> **ACTIVITY**
Among the entries below, the lines from the one with "80% Coton /" up to and including the one with "감성적인 프린팅이 돋보이는 라운드 맨투맨으로" are to be restated exactly, without pictures.
-- RECORDS FOR THIS EXERCISE follows --
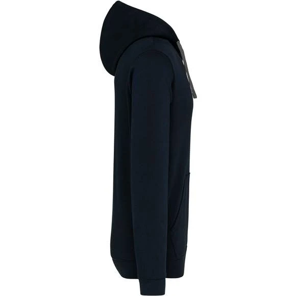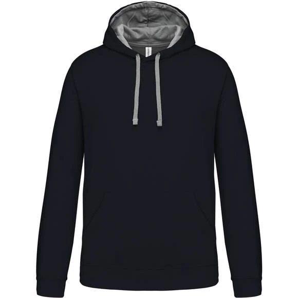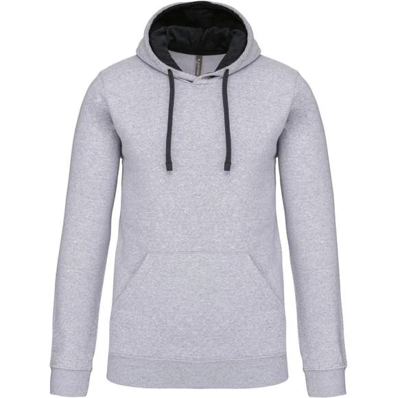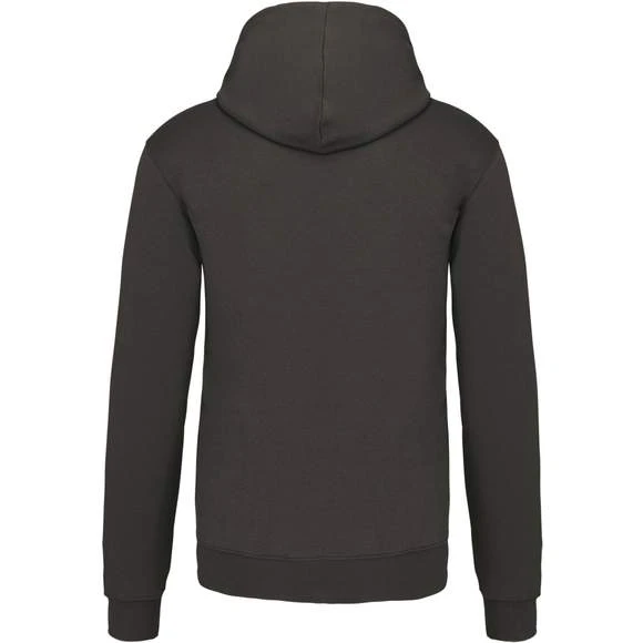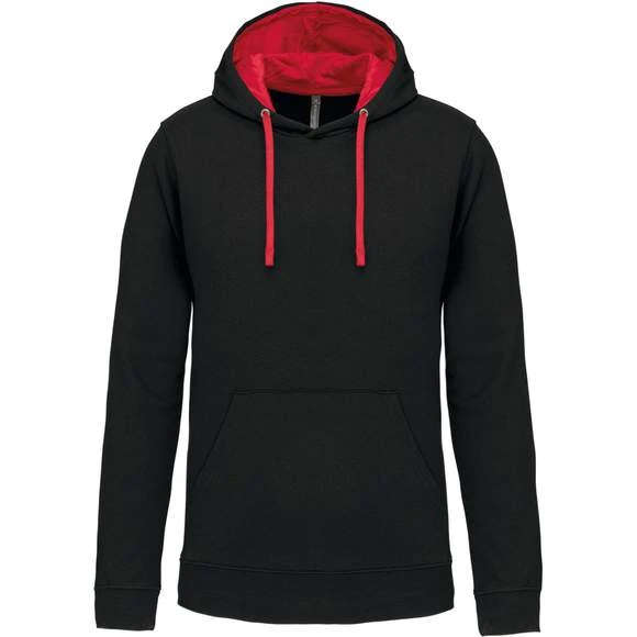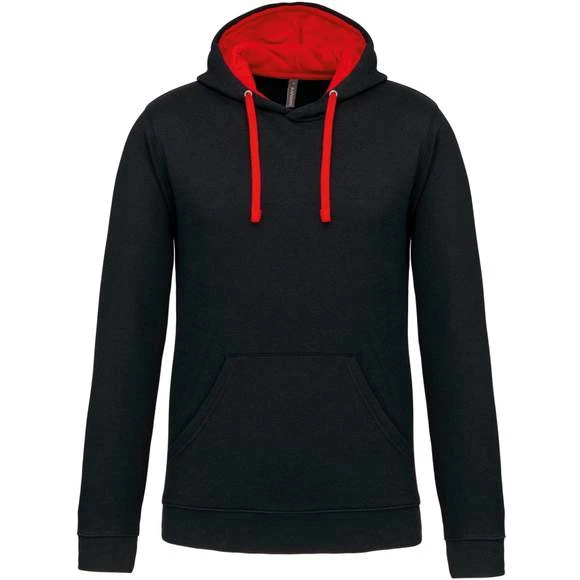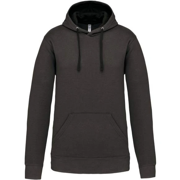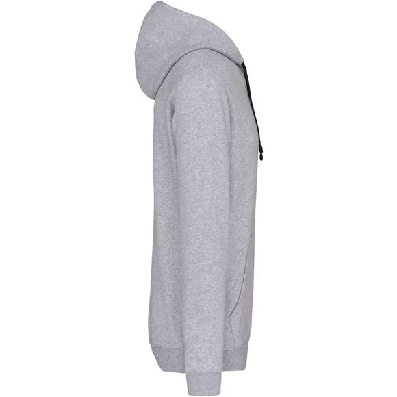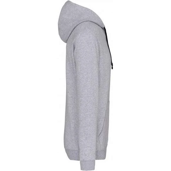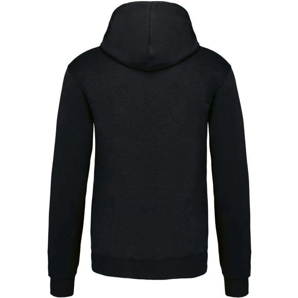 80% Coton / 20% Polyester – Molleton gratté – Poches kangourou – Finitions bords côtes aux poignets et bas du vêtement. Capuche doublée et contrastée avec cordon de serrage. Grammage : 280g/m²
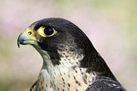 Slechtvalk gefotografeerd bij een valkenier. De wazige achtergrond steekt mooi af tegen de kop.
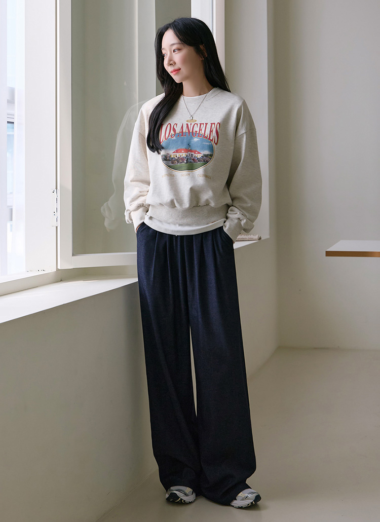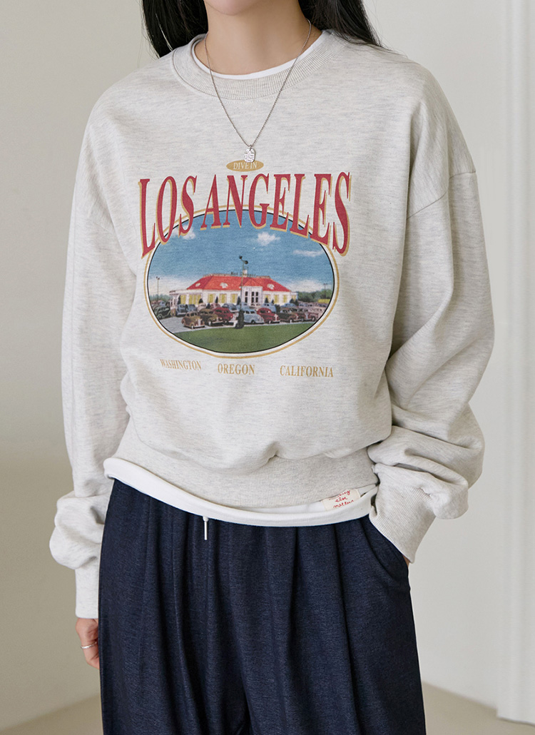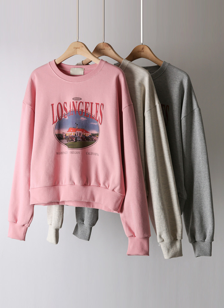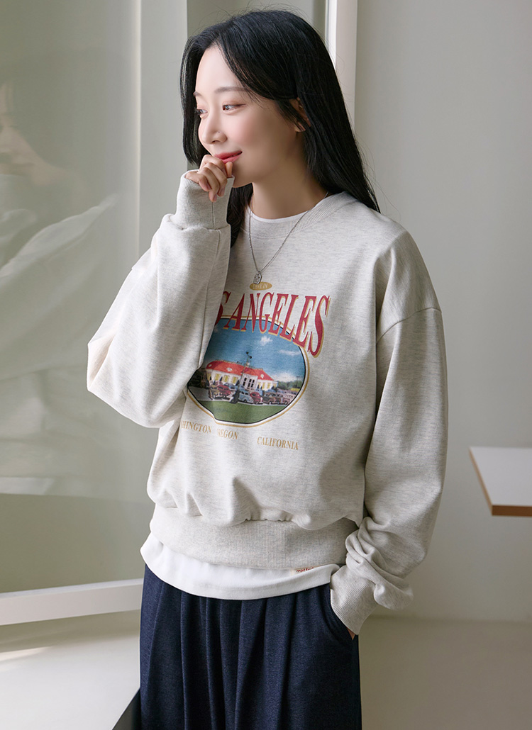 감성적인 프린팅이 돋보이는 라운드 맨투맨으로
-- RECORDS FOR THIS EXERCISE concluded --
-- RECORDS FOR THIS EXERCISE follows --
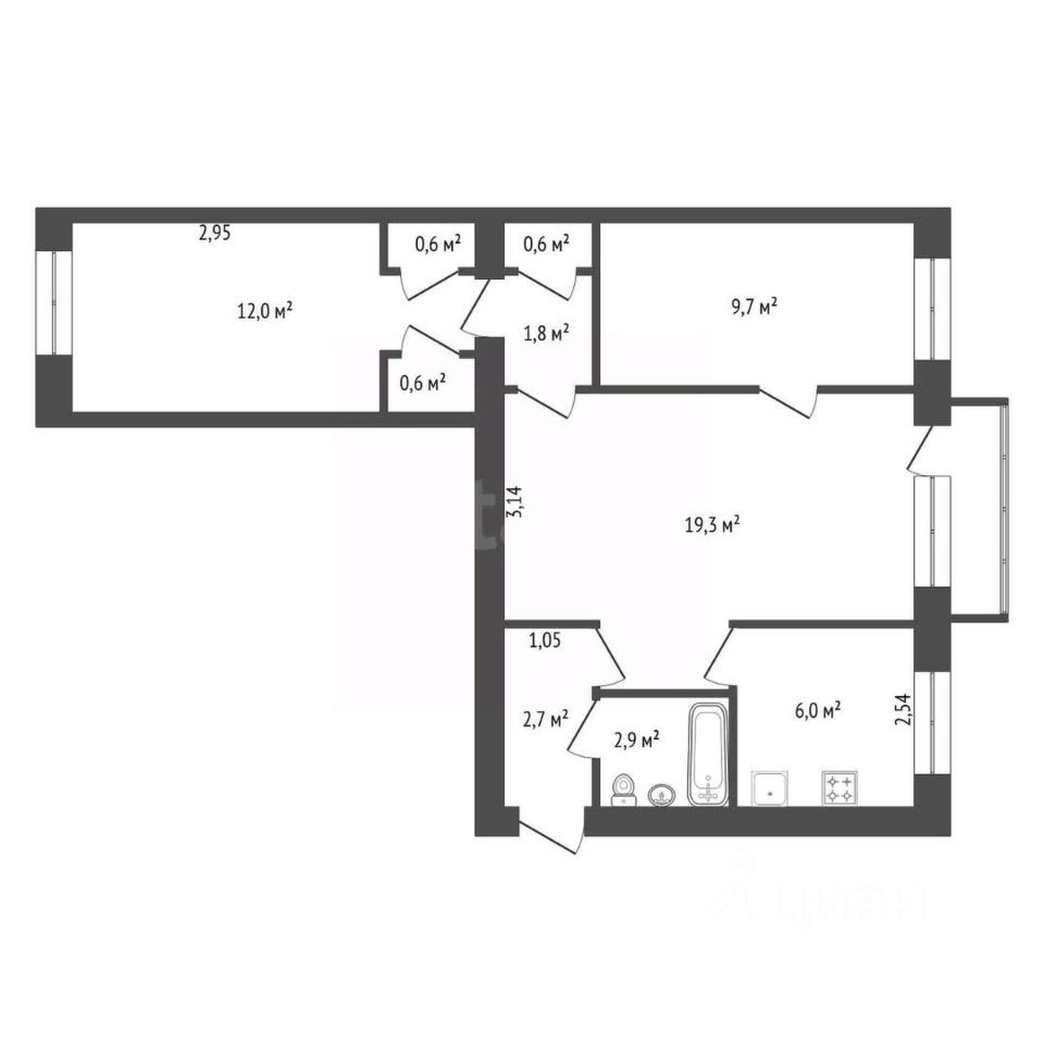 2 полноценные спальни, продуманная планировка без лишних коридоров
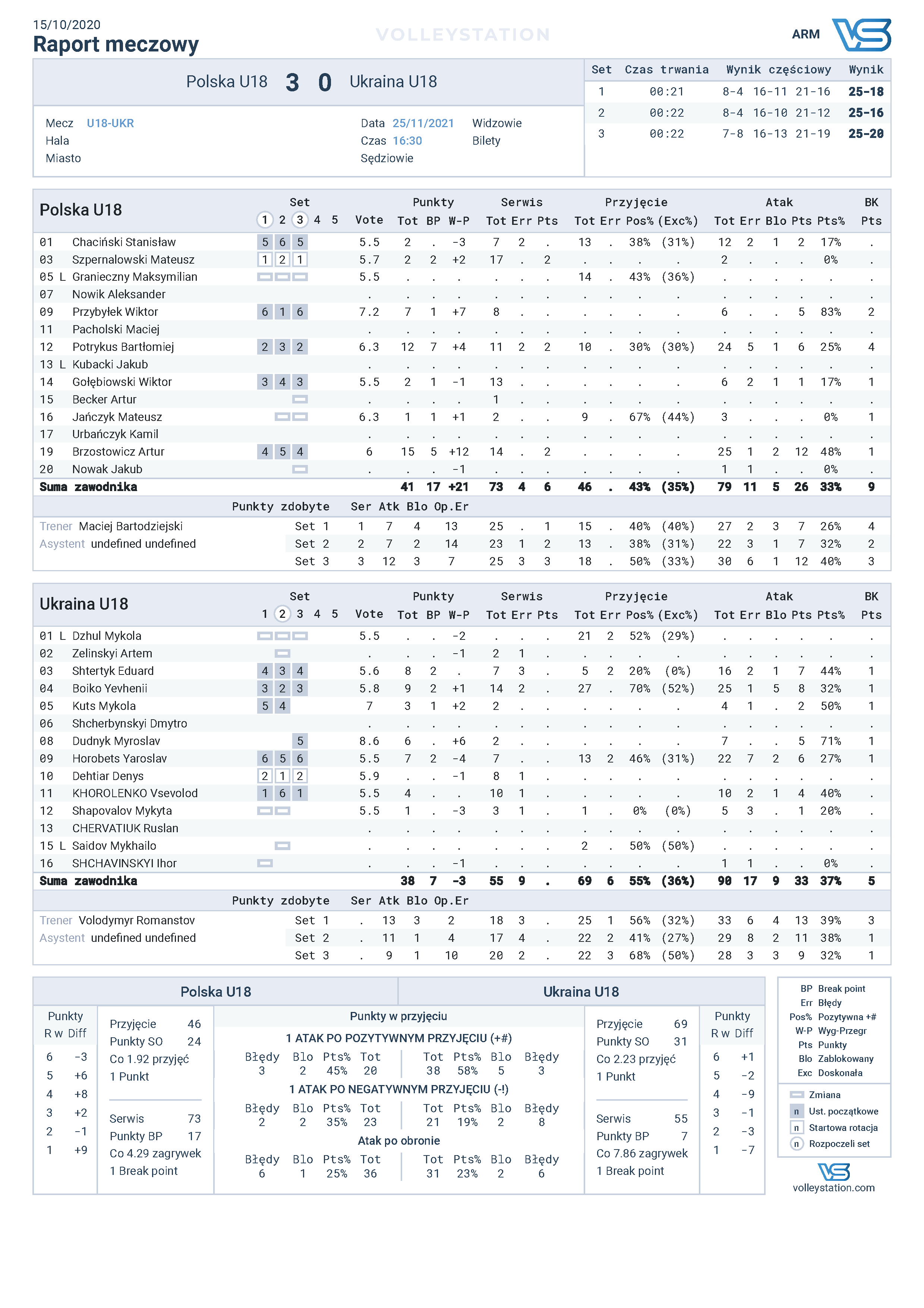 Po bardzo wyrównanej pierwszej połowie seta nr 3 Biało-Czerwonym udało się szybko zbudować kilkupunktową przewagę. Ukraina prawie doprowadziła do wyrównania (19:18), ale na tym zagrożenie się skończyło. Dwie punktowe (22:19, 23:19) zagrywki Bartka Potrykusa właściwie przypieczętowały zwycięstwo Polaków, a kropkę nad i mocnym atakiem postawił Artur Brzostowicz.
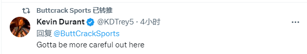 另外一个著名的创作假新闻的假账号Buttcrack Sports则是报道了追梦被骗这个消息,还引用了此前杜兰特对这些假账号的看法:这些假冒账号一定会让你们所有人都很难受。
-- RECORDS FOR THIS EXERCISE concluded --
-- RECORDS FOR THIS EXERCISE follows --
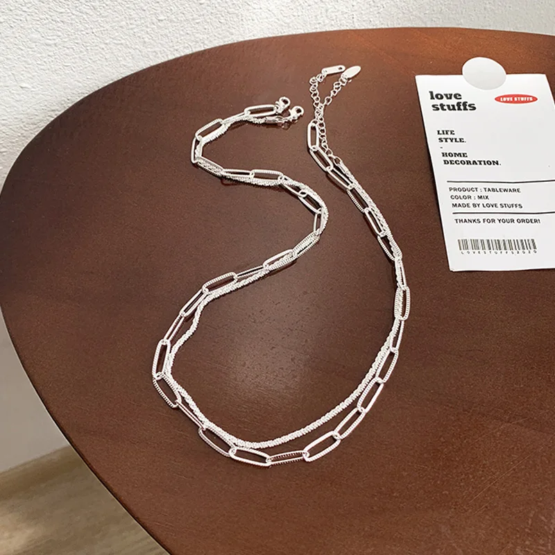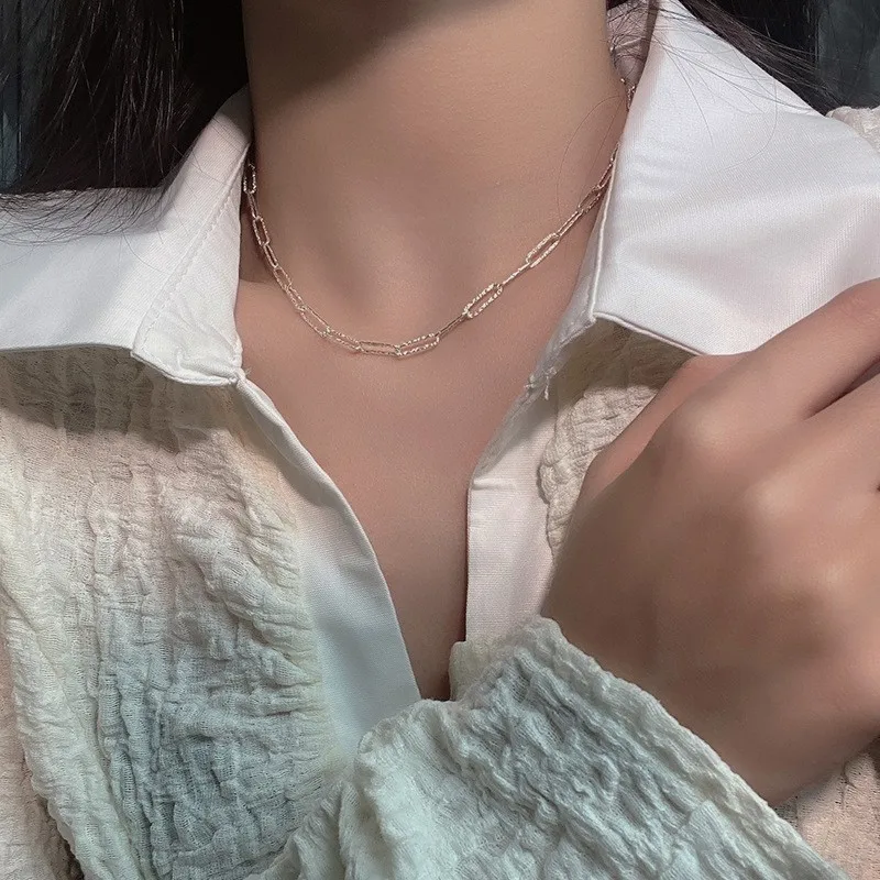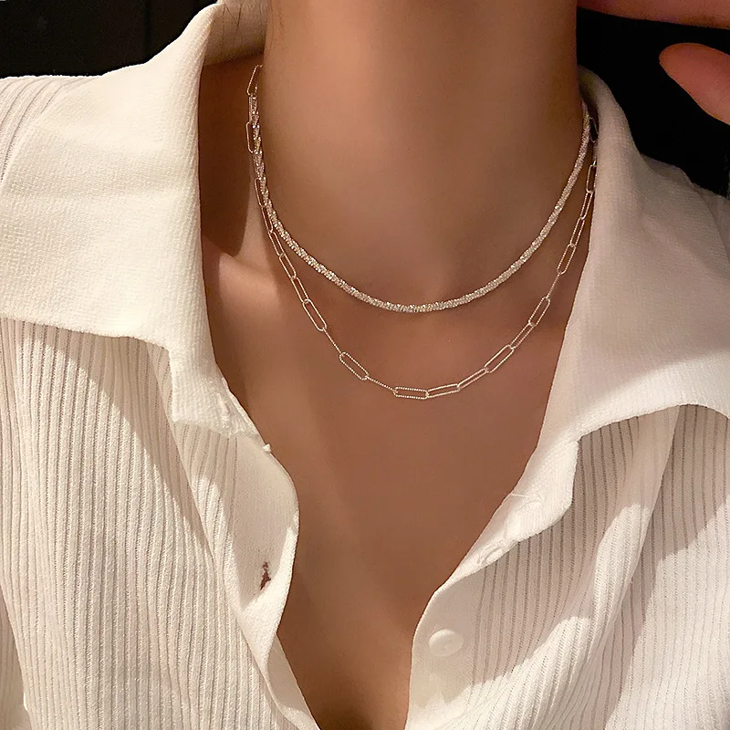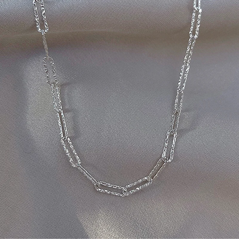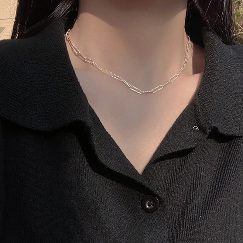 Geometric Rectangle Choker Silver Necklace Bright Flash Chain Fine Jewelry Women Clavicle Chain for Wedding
-- RECORDS FOR THIS EXERCISE concluded --
> **EXERCISE OUTPUT**
 80% Coton / 20% Polyester – Molleton gratté – Poches kangourou – Finitions bords côtes aux poignets et bas du vêtement. Capuche doublée et contrastée avec cordon de serrage. Grammage : 280g/m²
 Slechtvalk gefotografeerd bij een valkenier. De wazige achtergrond steekt mooi af tegen de kop.
 감성적인 프린팅이 돋보이는 라운드 맨투맨으로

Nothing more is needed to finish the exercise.